Turning Data into Valuable Data Products
In June, WIRED published an infographic that showed the top feeder schools for big technology companies. It used information available on LinkedIn to see where recruits to companies like Apple and Twitter went to college. It meant that the merits and benefits of a college (and presumably all colleges) could be measured.
While the results were interesting, the part that intrigued me was this novel use of existing “data products” to answer interesting new questions. LinkedIn is essentially free to most individual users, but the data generated through the normal use of the network is an incredibly rich source of insight – so rich that it generated nearly $450 million in revenue in 2013. Advertisers, search firms, and premium users are pleased to pay for LinkedIn’s valuable data products.
For example, if I choose to get a premium account, I can find out exactly who has seen my profile. If I’m a professional headhunter, I can pay to get even more specific information, such as all the robotics engineers who graduated from Northwestern University in 2004. And if I’m an editor at WIRED or a university administrator, I can look for connections between specific schools or degrees and actual careers, to the point of calculating the potential ROI for any given degree.
The evolution from data to data product is important for any company that wants to create more value from its information assets.

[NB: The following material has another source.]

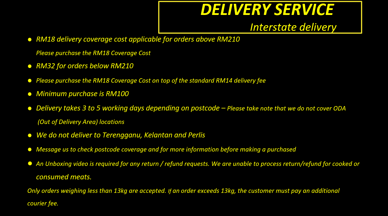 3) Interstate delivery is RM32 with RM14 off for orders over RM210. Please purchase "GKV RM18" from the product listing to proceed (refer to HOMEPAGE).

Of course, there are a number of factors to consider: Who owns the data? What about privacy? How can – or should – I use the data? In part these questions are open for society to answers.

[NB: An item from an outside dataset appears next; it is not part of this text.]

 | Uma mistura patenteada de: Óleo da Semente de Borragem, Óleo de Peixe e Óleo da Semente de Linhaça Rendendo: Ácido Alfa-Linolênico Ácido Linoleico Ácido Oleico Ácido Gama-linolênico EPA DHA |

How we make decisions, as individuals and firms is changing. Novel data products are becoming more accessible in guiding out decisions from where to eat (Yelp) to where to stay (Tripadvisor) and even where to go to college (LinkedIn). I do think it’s interesting to look at how today’s big data technology is enabling the creation and monetization of new data products. The value of these data products is also becoming more recognizable. Just as Angie’s List charges, we can expect users to pay up for valuable data products. Companies are finding ways to get people to pay who wouldn’t normally be expected to pay, or to form new markets that wouldn’t be expected to form. It’s changing how business is conducted and who we do business with, and I find that immensely thought provoking.